Newtown

I had just come home from a run and was feeling pretty proud of myself.  I’d run 6.25 miles this morning, in 30 degree weather, and walked another half mile to warm up and cool down.  It was farther than I’d ever run before, in preparation for a 10K race I signed up for in New York City.

I’d planned to spend most of today working on a website, an upgrade to a current client’s site that they wanted done by Christmas.  So I quickly hopped in the shower and got cleaned up before sitting down at my computer to get to work.

My homescreen is NBC News.  On the screen was a red breaking news bar.  They use red for the really big stuff, so I glanced up at it.  “Shooting at elementary school in Newtown, Conn.”

Newtown is the town next door to me.

I frantically clicked on the words, but they weren’t a link yet.  The story was too new.  I ran for the TV remote and turned on the television.

It was true.  It was sickeningly, horrifyingly true.

I called my girlfriend to see if she knew anything.  I couldn’t even get the words out.  I called my husband, out of town for work in Florida.  He already knew via Twitter.  He seemed calm.  Why was he so calm?  This was ten miles away.  This was an elementary school.  This was too close, too awful.

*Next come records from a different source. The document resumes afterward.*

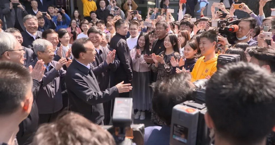 3月26日上午,中共中央政治局常委、國務院總理李克強來到南京大學仙林校區考察。了解基礎研究情況,查看研究成果轉化應用,鼓勵科研人員加強跨領域協作,推動融合創新,他與學校院士們親切交談,希望一代一代傳承推動創新。李克強十分關心畢業生就業,專門聽取學校匯報,他與學生們交流,詢問今年畢業學生的就業意向和簽約情況。李克強勉勵廣大學生說,你們要記住南大校訓中說的“誠樸雄偉”,要潛心向學,踏踏實實,從近處、小處做起,將來實現遠大志向,利社會,利國家。國務委員兼國務院秘書長肖捷、教育部黨組書記、部長陳寶生,江蘇省委書記婁勤儉,省長吳政隆等領導一同參加考察。校黨委書記胡金波、校長呂建陪同考察調研。
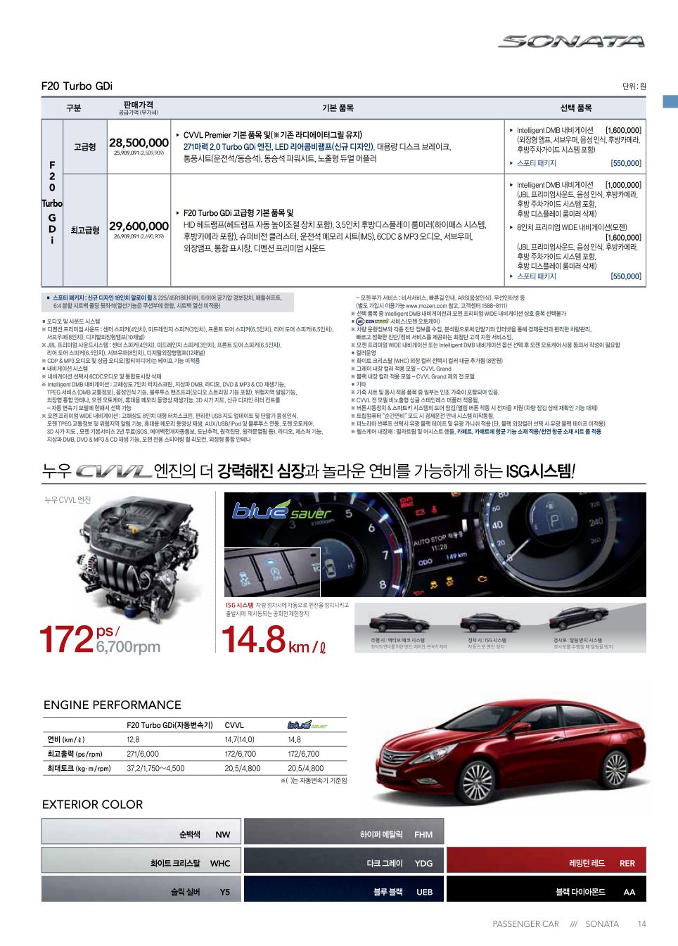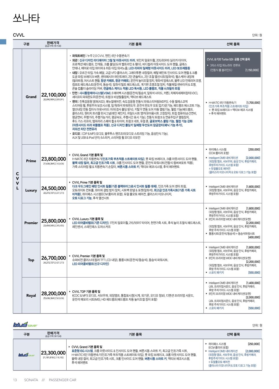 2012년 2월 쏘나타 신차가격표 (누우 CVVL 엔진 탑재)
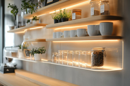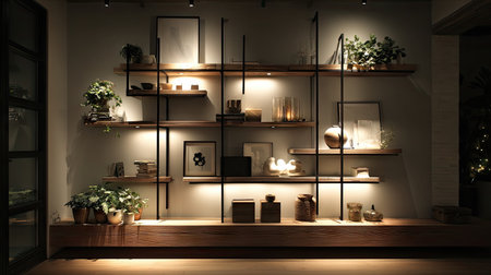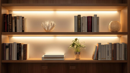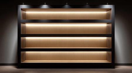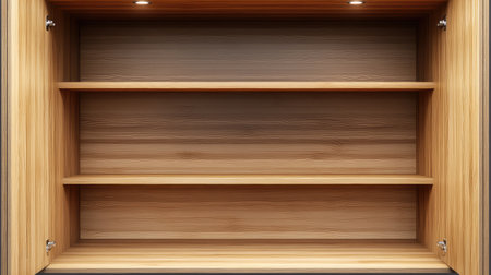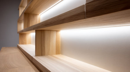 A captivating image of elegant wooden shelves illuminated softly, perfect for contemporary interior design or minimalistic storage solutions in any space.

I turned to Facebook for more information.  Friends started posting that our own school district was contemplating a lockdown status.  With the news reports hinting at more than one shooter, I wasn’t surprised when the call came through:  schools on lockdown.

At first, it seemed like a terrible tragedy had been somewhat averted.  For several hours the only fatality reported was the gunman, and the local hospital reported only three hospitalizations.  I tried to work on my site with the TV on in the background.

But then my girlfriend called back.  “27 confirmed dead,” she croaked into the phone, her voice thick.

“No.  That cannot be true,” I answered.  But then I started changing the channel.  Sure enough, some stations were indeed reporting that.  We cried together for a minute, until my cell phone started ringing.

When the out of town calls started coming in, that’s when I realized that this was not a tragedy averted.  This was real.  Those statistics were real.  My seventh grade daughter called home and asked me to come get her; the schools were allowing parents to pick up their kids (but you couldn’t go inside the locked down school).  I ran out of the house and made my way to her.

There were six other parents waiting there when I got there.  My girl reported to me that dozens of kids had already been picked up.  That the school had shut down the wi-fi to try and protect the kids from the worst of it.  The TVs normally running during lunchtime in the cafeteria were switched off.

But it wasn’t until I returned home with my girl that I learned the worst of it.  I wouldn’t turn the TV on to protect her and her brother from the scary images being played wall to wall.  I opened my computer and looked to the Newtown Patch, a site I follow because it is the town next door, a town so similar to our own.

It was then I learned that the children were killed.

Children.  Babies.  Kindergarteners.  Children younger than all of mine.

I cannot process this tragedy.  I cannot find words to express how horrific this all is.  I cannot even imagine what those parents are going through, what this day that started out so ordinary, so typical could have been like.  Just a few miles away from me.  In a school just like my kids’.  I am stunned, saddened, heartbroken, lost.

God bless all of those sweet angels.  Take care of the too many families going through hell this cold December night.